At the same time, writing develops a rhythm of its own. The whole sheet has—by way of writing—a form and a link to content. Furthermore, a dramaturgy develops, a score of writing. This position goes far beyond the mere writing of a text and is clearly an artistic act. Fascinating for me is a statement, confirmed by practice, that was made by the calligrapher Wang Dongling in November 1983, that the calligrapher can hear the speed with which the brush needs to be moved (“You will hear how fast you need to write.”). Besides technique, a feeling for the precision of the placement on the sheet and in space develops. These experiences find their application in my spatial works in the European context.
Alongside Chinese calligraphy, my experiences with wide expanses of landscape have shaped my work. Journeys through the expansive landscapes of Northwestern China or the American West, especially through steppes and deserts, gave me the experience of transparency, extension, and size, and at the same time made clear one’s own relativity. The tiniest geographical or color differences can change the whole character of the landscape, even if these changes only stretch very slowly across large spaces. Some landscapes exhibit strong values of approach in terms of drawing or the graphic arts. The desert regions of China, the US, Peru, or Egypt showed me that it is possible to decisively structure a “large” space with relatively minimal, yet precise interventions.

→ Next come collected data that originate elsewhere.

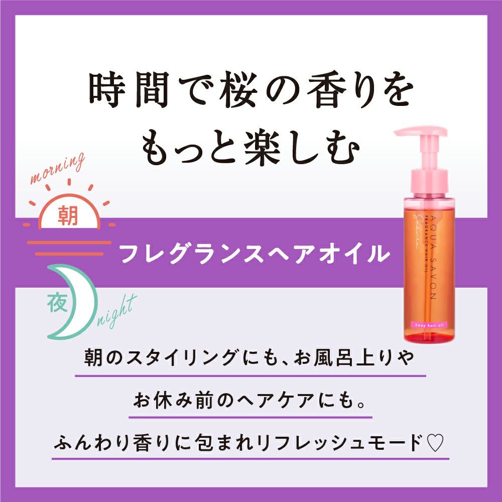 他の画像を見る 心やすらぐ、シャボンな毎日。AQUA SAVON(アクアシャボン) アクア シャボン フレグランスヘアオイル (24S) サクラフローラルの香り 95mL 価格 ¥ 1,650 税込 お気に入りに登録する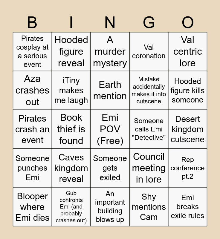 This bingo card has a free space and 24 words: Caves kingdom reveal, Gub confronts Emi (and probably crashes out), Earth mention, Blooper where Emi dies, Val centric lore, Pirates cosplay at a serious event, Aza crashes out, Hooded figure reveal, Someone calls Emi "Detective", Someone gets exiled, Mistake accidentally makes it into cutscene, Pirates crash an event, Council meeting in lore, Rep conference pt.2, iTiny makes me laugh, Shy mentions Cam, Desert kingdom cutscene, A murder mystery, Hooded figure kills someone, Book thief is found, Emi breaks exile rules, Someone punches Emi, Val coronation and An important building blows up.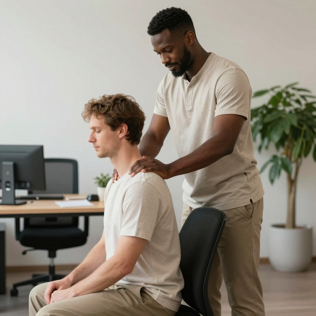 Alívio rápido de tensões musculares no ambiente de trabalho.
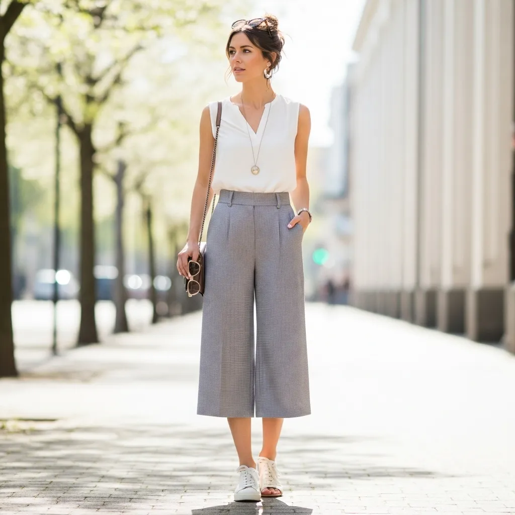 The sleeveless blouse and culottes combination demonstrates how lightweight and structured pieces can create a polished and contemporary spring look. Its ease of wear, trend-forward silhouette, and adaptability make it perfect for students, young professionals, or anyone seeking style without sacrificing comfort.Ultimately, this ensemble highlights how thoughtful pairings can produce a chic, breathable, and stylish spring outfit suitable for multiple occasions, embodying confidence, trendiness, and seasonal appeal.
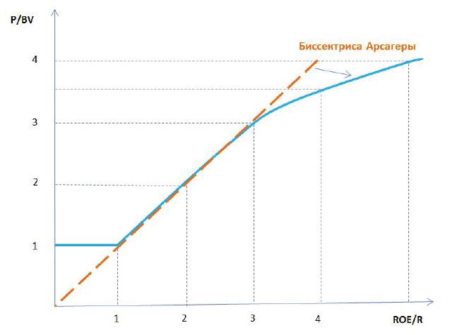 В зависимости от оценок прогнозный коэффициент P/BV как значение дроби ROE/Rт может приобретать нелинейный характер, то есть учитывать риски возможного снижения значения ROE, вследствие чего Биссектриса Арсагеры может принять следующий вид: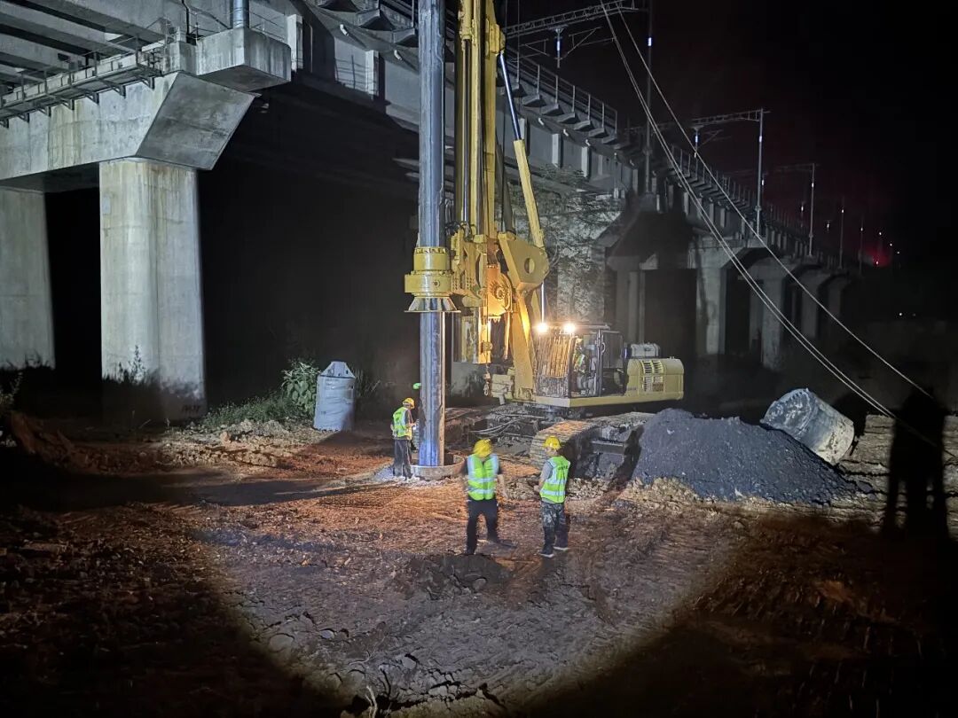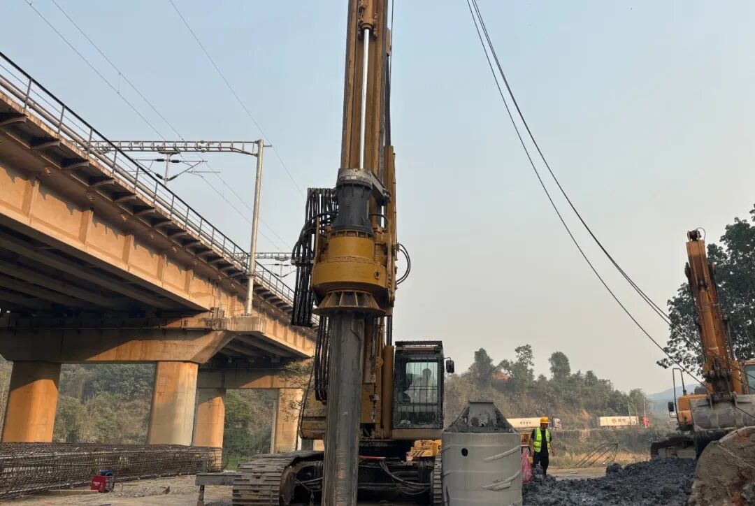 纳堆大桥是磨万铁路运输补强项目的关键控制性工程,其施工进度直接影响项目整体工期目标。项目建设团队紧盯节点目标,倒排施工计划,全面开展施工准备与技术交底工作。技术人员结合老挝当地地质条件与既有线运营要求,反复优化施工方案,明确成孔、钢筋笼安装、混凝土浇筑等关键环节的管控标准;安全管理部门紧盯临近营业线施工关键环节,聚焦机械作业管控与现场行车安全,全面组织全员安全培训,从严落实施工防护各项措施,严密筑牢安全防护屏障,为项目首桩顺利开钻提供坚实安全保障。 开钻当日,施工人员严格按照设计图纸及规范要求,精准把控钻孔定位、垂直度及孔径等核心参数,一丝不苟地进行作业。项目管理人员全程旁站监督,实时跟进施工进度,及时协调解决现场出现的各类细节问题,确保首桩施工安全、高效、有序推进。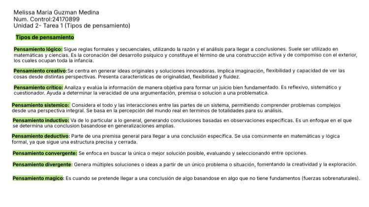 Melissa Maria Guzman Medina Num. Control:24170899 Unidad 2- Tarea 1 (Tipos de pensamiento)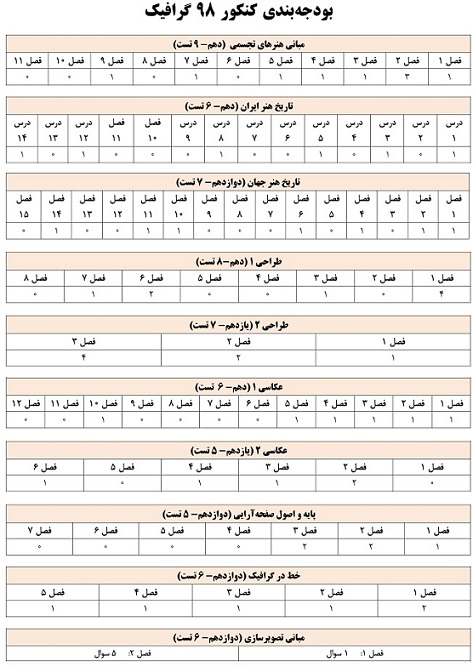 در جدول زیر، بودجهبندی درسهای اختصاصی رشته گرافیک در کنکور 98 را به صورت درس به درس میبینید.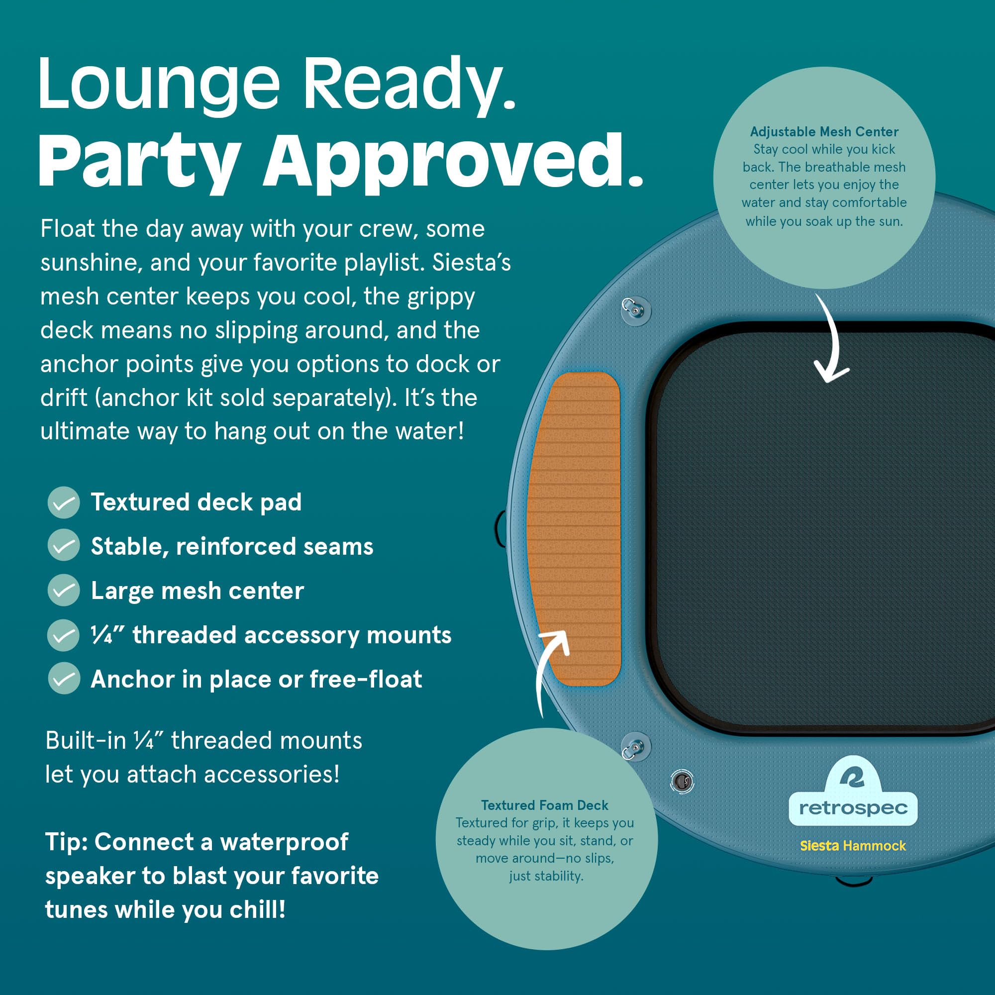 Retrospec Siesta Hammock 8' & 10' XL Inflatable Water Platform - Floating Dock with Cooling Mesh Center 660lb & 1150lb Capacity Puncture-Resistant Pool Float for Adults Lake & Ocean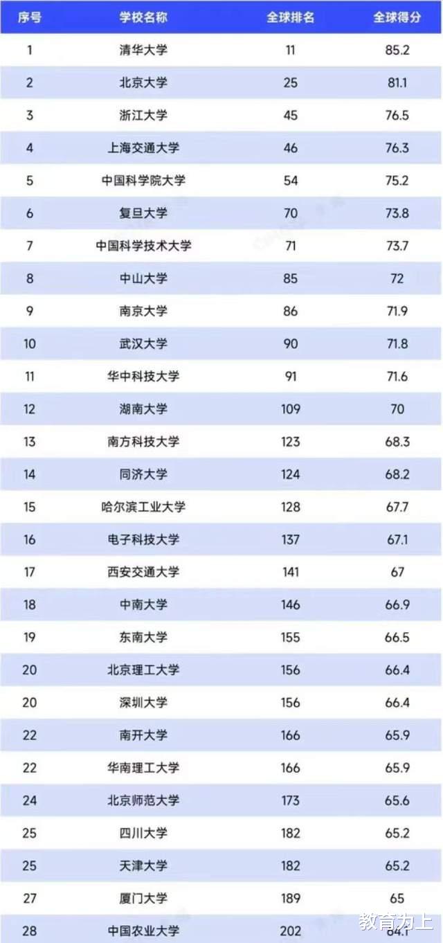 下面,我们截取中国高校全球最佳院校前200强,看一看你所在的大学有没有上榜?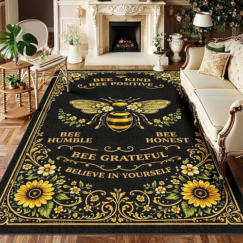 Tappeto in finta cashmere, con motivo floreale di girasoli e ape, lavabile, antiscivolo, a pelo corto, ideale per soggiorno, camera da letto, ingresso e arredamento in stile rustico.
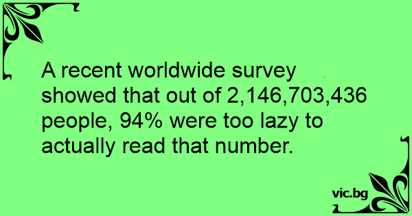 A recent worldwide survey showed that out of 2,146,703,436 people, 94% were too lazy to actually read that number.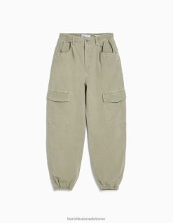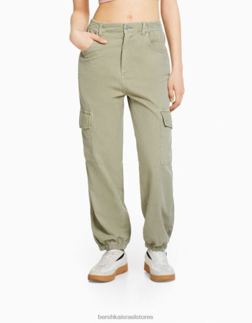 לִשְׁנֵי הַמִינִים נעלי ריצה מכותנה עם מותניים אסוף וכיסים ירוק 2L6JD3892 Bershka הַלבָּשָׁה
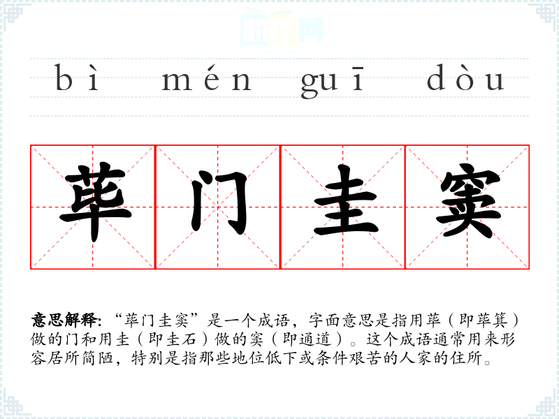 | 荜门圭窦 | 筚门:荆竹编成的门,又称柴门。常用以喻指贫户居室。 |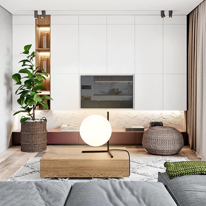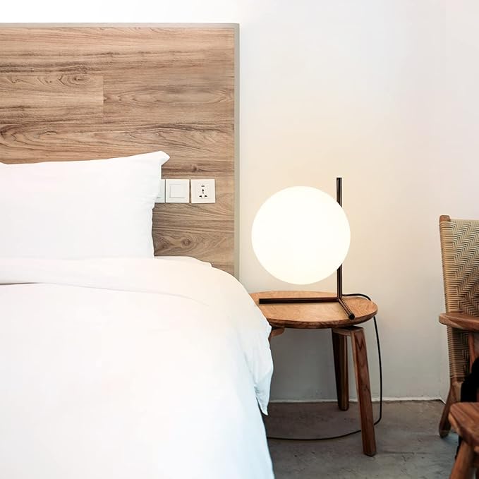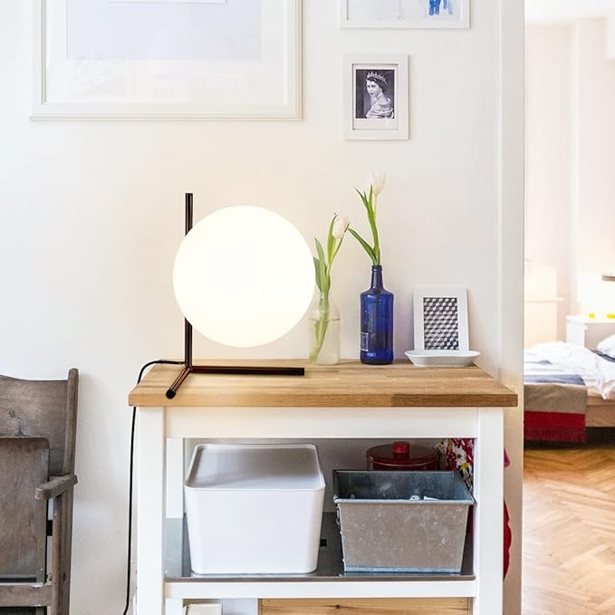 BOKT Modern Mid Century Matte Black Globe Table Lamp Post Modern Mini White Glass Desk Lamp Industrial Farmhouse Nightstand Bedside Lamp Lighting Fixture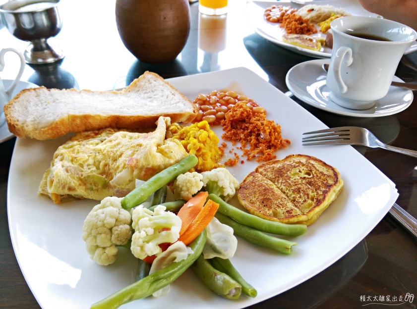 西式的現做早餐有歐姆蛋、培根、熱狗、一點點蔬菜切片還有超多烤吐司,歐姆蛋可以請主廚改做成炒蛋或荷包蛋等;飲料有咖啡或紅茶可以選,另外也有果汁可以點。斯里蘭卡的果汁都偏甜(其實我覺得多數熱帶國家的果汁都偏甜),如果不想喝這麼甜的話,在點餐的時候一定要告訴服務員 “No sugar.” 哦!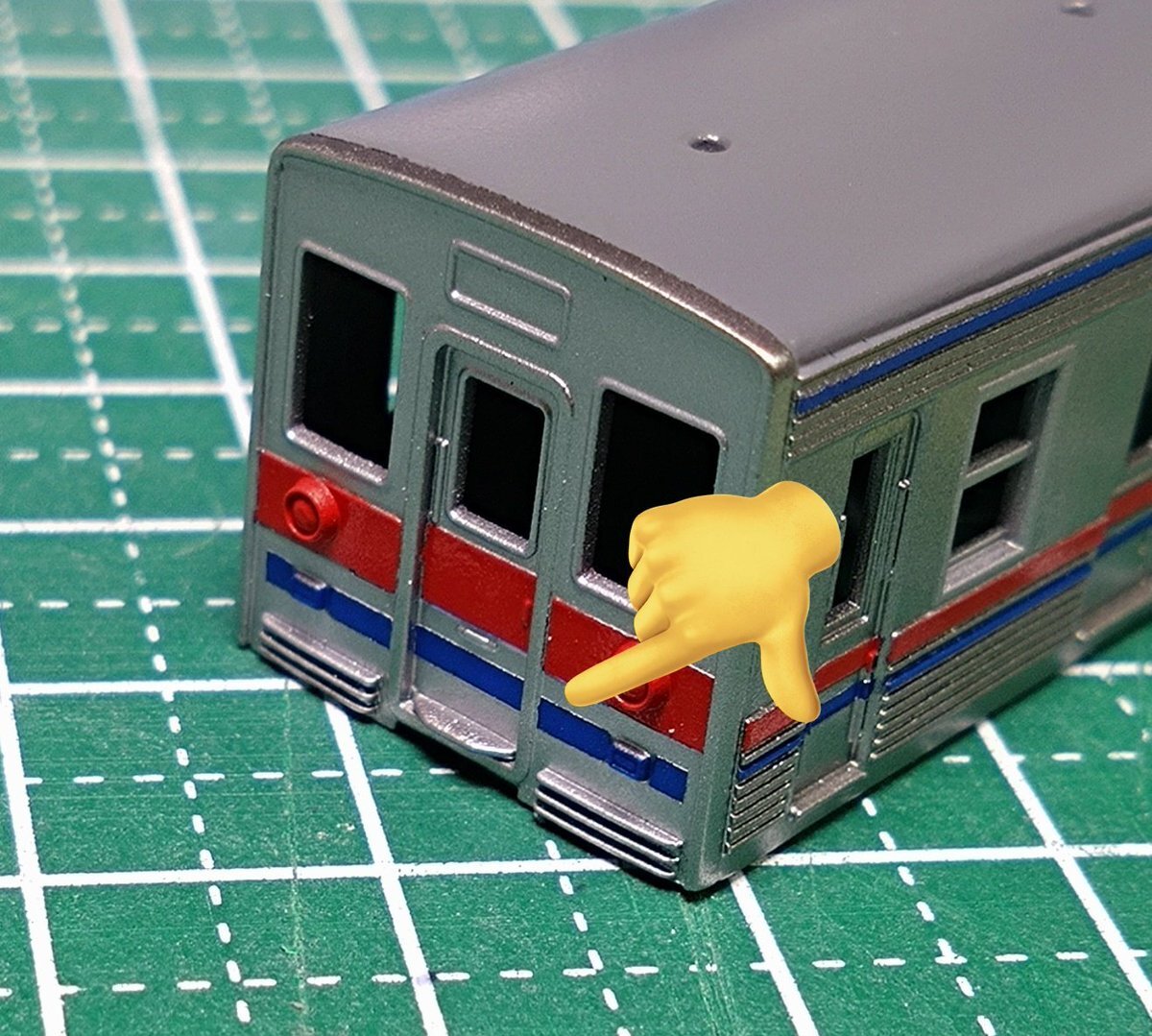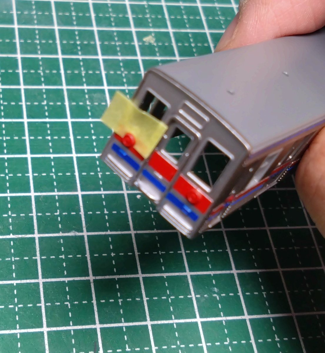 京成3500です!今回はリアル。先ずはライト下を真っ直ぐ貼れるぐらいに細切りしたマスキングテープを写真のように貼ります。アイズの0.4mmならそのままいけます。 #経過 #開運京成キット大会 pic.x.com/MFMeS7oYqw

In contemporary music as well, I find approaches that illustrate similarities and affinities to components of thinking in terms of drawing. Non-linear composition, working with fragments and composition particles that are superimposed to form highly complex shapes, are quite compatible approaches that enrich and expand my own ways of working. These include the works of Brian Ferneyhough and Isabel Mundry as well as the various approaches of John Cage or Luigi Nono on including rests or silence in composition, or the opening of the musical scale to quartertones or everyday sounds. Fascinating for me is the freedom of possibilities just as the deep cultural ethos in Nono, his fanning out into dynamic and tonal border realms opens new spaces. The “slowness” of Morton Feldman, or experience of listening to Lachenmann, who explodes conventional form, should also be mentioned here.
As far as my work in interior and exterior spaces is concerned, I begin with the following: neither do I place a prefabricated work nor an idea coming from outside. I take no position, make no claim. For me, the decisive requirements for working on a space are listening to and grasping its characteristics. With few graphic means, the work is structured in the space. The materials of the work’s graphic components are very different: they stretch from the plasticity of a ship cords to cuttings or light traces. The interventions allow the characteristics present in a space to surface, without dominating them: instead, the character of a space is completed and additionally expanded and made to resonate. Various modes of thought and interpretation are open to the beholder
The works are transparent and precise. It is almost as if the new had already existed beforehand. At the same time, some works undergo, through the conscious inclusion of natural light, a change of expression in time. They are fulfilled only with the actions of the beholder in time.”